* [Records to process]:
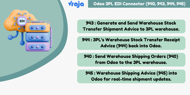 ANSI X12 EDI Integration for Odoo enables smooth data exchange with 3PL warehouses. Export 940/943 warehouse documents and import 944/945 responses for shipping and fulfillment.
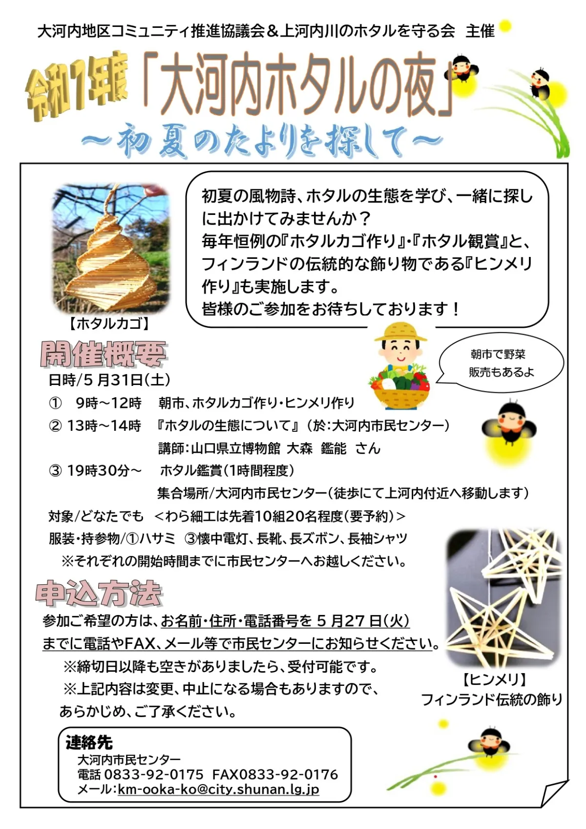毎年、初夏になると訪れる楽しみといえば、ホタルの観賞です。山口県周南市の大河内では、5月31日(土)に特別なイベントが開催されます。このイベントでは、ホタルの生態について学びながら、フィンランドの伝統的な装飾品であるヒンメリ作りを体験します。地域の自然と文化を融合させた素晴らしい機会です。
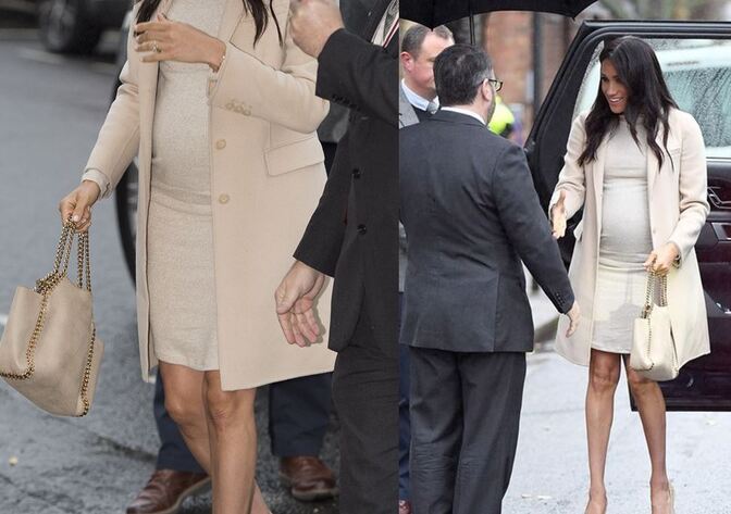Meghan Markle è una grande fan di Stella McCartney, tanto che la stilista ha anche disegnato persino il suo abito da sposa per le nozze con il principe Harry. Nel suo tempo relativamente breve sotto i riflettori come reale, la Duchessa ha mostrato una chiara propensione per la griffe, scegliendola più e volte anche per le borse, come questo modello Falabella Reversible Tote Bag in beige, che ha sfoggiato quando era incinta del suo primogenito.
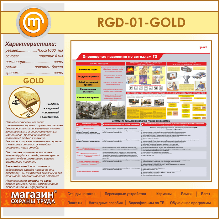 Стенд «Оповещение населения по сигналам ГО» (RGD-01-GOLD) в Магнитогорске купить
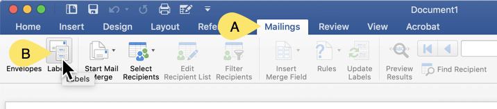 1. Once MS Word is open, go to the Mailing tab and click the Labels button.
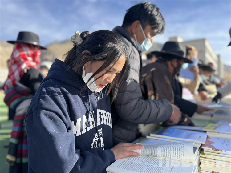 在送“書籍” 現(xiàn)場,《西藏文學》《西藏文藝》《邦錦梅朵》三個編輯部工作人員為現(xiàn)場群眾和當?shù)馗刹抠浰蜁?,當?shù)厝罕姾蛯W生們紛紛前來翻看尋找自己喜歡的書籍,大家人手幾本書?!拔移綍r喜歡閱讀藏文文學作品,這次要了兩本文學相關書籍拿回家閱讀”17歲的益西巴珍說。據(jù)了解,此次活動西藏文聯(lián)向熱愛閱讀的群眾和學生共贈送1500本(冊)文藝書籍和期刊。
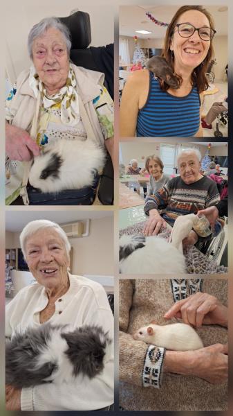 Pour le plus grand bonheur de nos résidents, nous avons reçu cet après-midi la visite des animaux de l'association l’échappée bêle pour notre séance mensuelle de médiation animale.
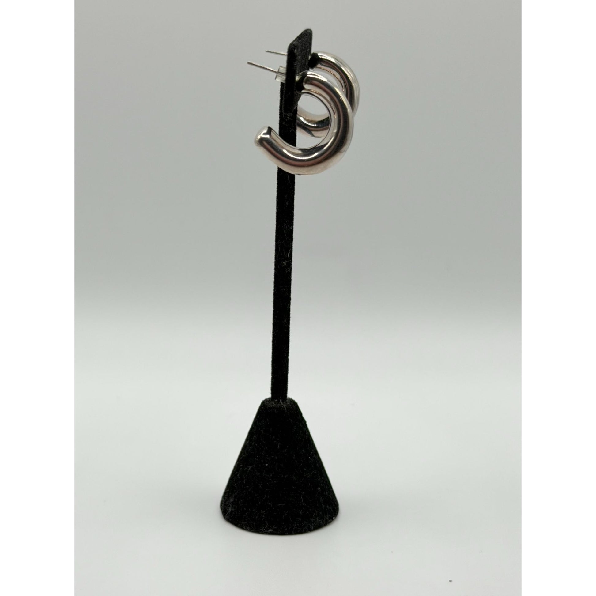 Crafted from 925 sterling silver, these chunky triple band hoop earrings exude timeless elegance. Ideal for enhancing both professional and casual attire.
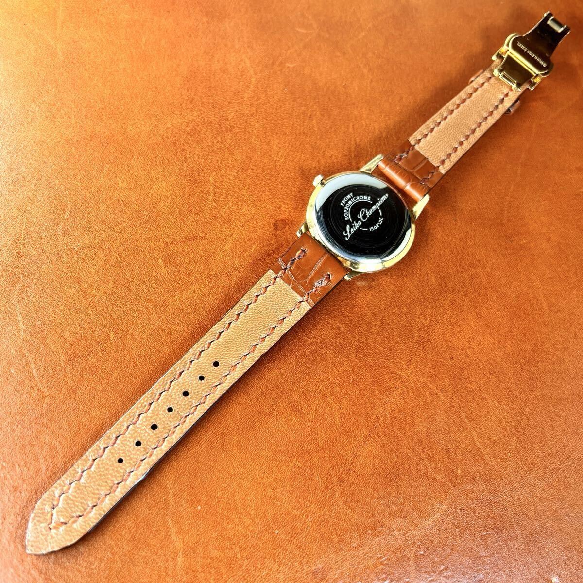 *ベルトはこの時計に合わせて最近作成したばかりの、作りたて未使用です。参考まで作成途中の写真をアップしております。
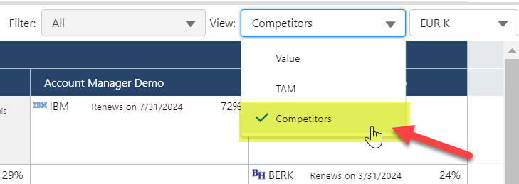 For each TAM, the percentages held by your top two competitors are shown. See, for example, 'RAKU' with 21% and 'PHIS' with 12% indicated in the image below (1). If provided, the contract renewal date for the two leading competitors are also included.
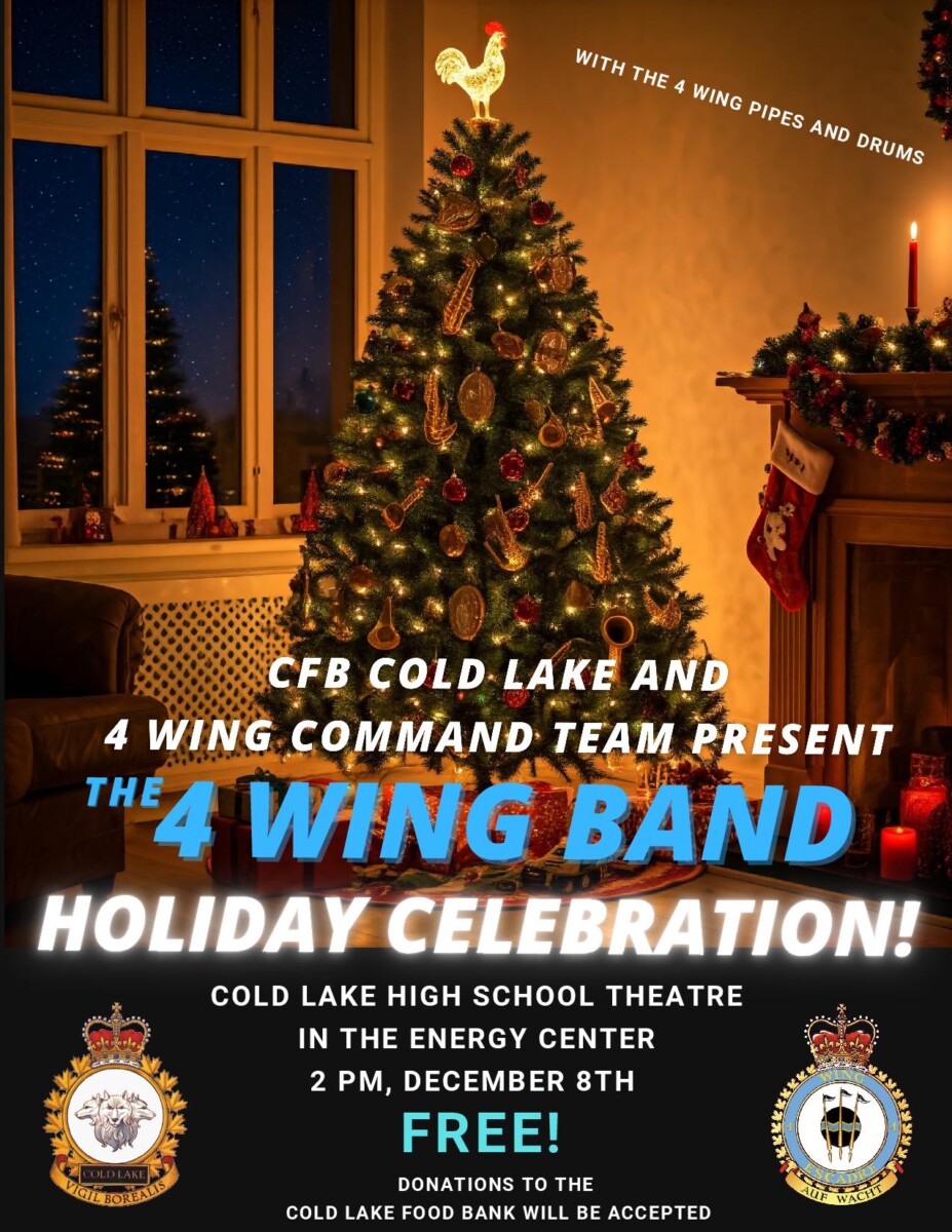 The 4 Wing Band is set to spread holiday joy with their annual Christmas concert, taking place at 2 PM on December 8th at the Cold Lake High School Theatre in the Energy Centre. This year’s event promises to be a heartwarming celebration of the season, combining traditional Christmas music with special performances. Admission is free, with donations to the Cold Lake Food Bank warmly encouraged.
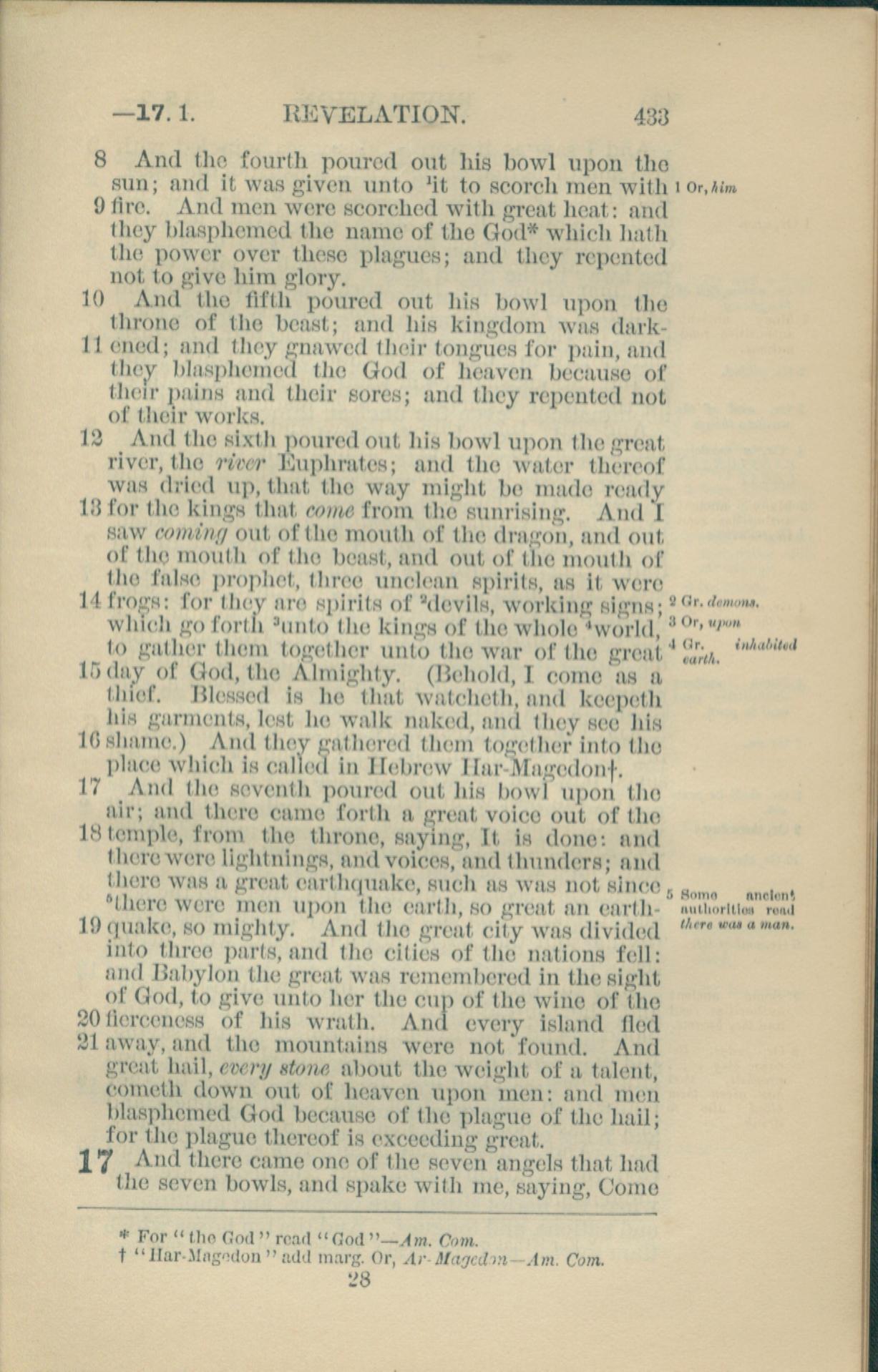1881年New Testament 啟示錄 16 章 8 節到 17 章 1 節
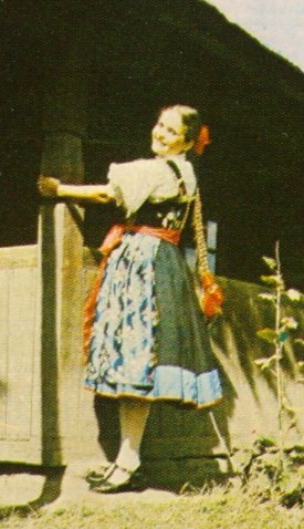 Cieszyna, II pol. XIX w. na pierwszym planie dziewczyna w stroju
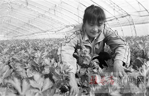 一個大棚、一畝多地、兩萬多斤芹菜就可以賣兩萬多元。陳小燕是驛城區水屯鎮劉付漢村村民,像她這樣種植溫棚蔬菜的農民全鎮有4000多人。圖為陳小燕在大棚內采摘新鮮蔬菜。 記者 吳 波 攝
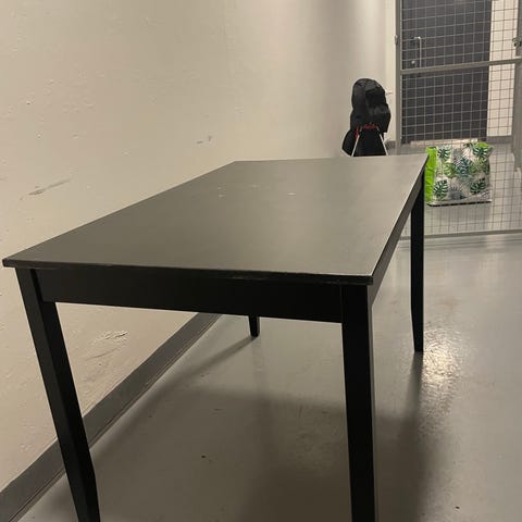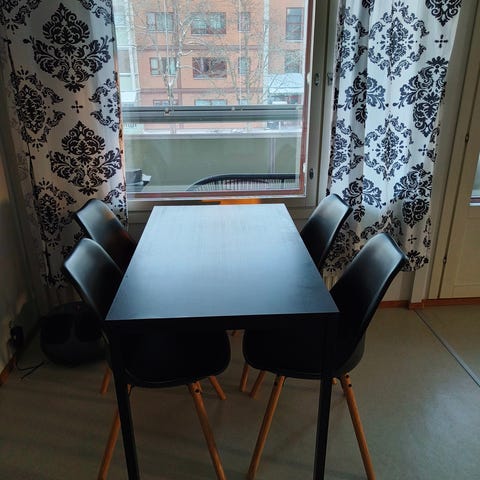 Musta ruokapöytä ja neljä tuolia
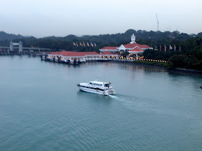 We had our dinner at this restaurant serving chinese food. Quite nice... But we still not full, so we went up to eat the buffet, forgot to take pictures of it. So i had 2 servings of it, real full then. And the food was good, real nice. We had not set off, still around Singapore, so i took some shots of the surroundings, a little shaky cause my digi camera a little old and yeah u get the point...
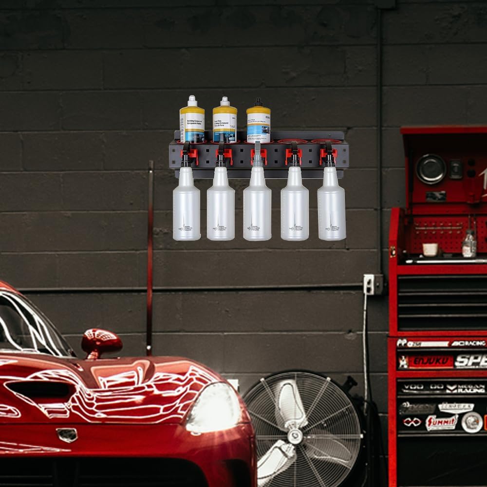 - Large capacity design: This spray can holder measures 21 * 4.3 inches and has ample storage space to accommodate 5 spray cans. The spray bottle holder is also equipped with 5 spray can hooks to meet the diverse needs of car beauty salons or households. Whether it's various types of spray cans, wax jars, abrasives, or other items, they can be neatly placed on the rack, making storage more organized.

* [Task to carry out]: Set down word for word the lines from the opening of the entries above through the line that contains "毎年、初夏になると訪れる楽し", and omit every picture.

* [Output below]:
 ANSI X12 EDI Integration for Odoo enables smooth data exchange with 3PL warehouses. Export 940/943 warehouse documents and import 944/945 responses for shipping and fulfillment.
毎年、初夏になると訪れる楽しみといえば、ホタルの観賞です。山口県周南市の大河内では、5月31日(土)に特別なイベントが開催されます。このイベントでは、ホタルの生態について学びながら、フィンランドの伝統的な装飾品であるヒンメリ作りを体験します。地域の自然と文化を融合させた素晴らしい機会です。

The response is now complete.